Work to be completed:
Whenever "ดแฮดงก" appears in a line, please copy that line from the data.

--------

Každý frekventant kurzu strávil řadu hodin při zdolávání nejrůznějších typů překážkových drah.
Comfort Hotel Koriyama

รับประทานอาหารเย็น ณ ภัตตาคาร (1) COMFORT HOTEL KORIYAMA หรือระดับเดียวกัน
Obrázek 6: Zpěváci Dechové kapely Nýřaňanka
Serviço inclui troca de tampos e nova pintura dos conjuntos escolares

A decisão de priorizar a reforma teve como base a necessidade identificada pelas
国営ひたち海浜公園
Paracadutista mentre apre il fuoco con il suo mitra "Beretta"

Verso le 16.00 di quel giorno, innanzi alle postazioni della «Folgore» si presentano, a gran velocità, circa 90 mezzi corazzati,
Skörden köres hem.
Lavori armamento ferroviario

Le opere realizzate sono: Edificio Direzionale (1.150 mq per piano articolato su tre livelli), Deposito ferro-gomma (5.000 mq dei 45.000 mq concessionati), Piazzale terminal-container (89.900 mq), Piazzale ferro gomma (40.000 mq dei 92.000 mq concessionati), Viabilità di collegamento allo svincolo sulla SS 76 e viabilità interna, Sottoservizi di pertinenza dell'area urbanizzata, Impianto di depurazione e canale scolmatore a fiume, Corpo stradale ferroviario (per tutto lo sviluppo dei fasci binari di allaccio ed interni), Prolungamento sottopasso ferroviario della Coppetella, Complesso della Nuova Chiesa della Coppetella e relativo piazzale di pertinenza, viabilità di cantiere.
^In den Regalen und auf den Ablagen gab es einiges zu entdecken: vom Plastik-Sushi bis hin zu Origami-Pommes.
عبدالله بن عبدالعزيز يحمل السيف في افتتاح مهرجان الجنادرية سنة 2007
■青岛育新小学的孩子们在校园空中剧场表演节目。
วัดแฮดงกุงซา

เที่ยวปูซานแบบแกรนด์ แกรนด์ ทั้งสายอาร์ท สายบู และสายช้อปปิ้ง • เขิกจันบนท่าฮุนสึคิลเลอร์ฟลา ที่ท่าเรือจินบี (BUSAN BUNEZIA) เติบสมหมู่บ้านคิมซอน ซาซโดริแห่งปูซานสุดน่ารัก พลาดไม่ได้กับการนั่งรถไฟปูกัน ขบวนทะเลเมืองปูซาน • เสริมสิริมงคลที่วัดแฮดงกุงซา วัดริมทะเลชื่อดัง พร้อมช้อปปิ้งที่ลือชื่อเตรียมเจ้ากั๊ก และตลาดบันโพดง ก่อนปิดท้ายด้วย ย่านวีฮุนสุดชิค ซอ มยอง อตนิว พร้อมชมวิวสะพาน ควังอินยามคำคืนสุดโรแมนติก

--------

Response below:
วัดแฮดงกุงซา
เที่ยวปูซานแบบแกรนด์ แกรนด์ ทั้งสายอาร์ท สายบู และสายช้อปปิ้ง • เขิกจันบนท่าฮุนสึคิลเลอร์ฟลา ที่ท่าเรือจินบี (BUSAN BUNEZIA) เติบสมหมู่บ้านคิมซอน ซาซโดริแห่งปูซานสุดน่ารัก พลาดไม่ได้กับการนั่งรถไฟปูกัน ขบวนทะเลเมืองปูซาน • เสริมสิริมงคลที่วัดแฮดงกุงซา วัดริมทะเลชื่อดัง พร้อมช้อปปิ้งที่ลือชื่อเตรียมเจ้ากั๊ก และตลาดบันโพดง ก่อนปิดท้ายด้วย ย่านวีฮุนสุดชิค ซอ มยอง อตนิว พร้อมชมวิวสะพาน ควังอินยามคำคืนสุดโรแมนติก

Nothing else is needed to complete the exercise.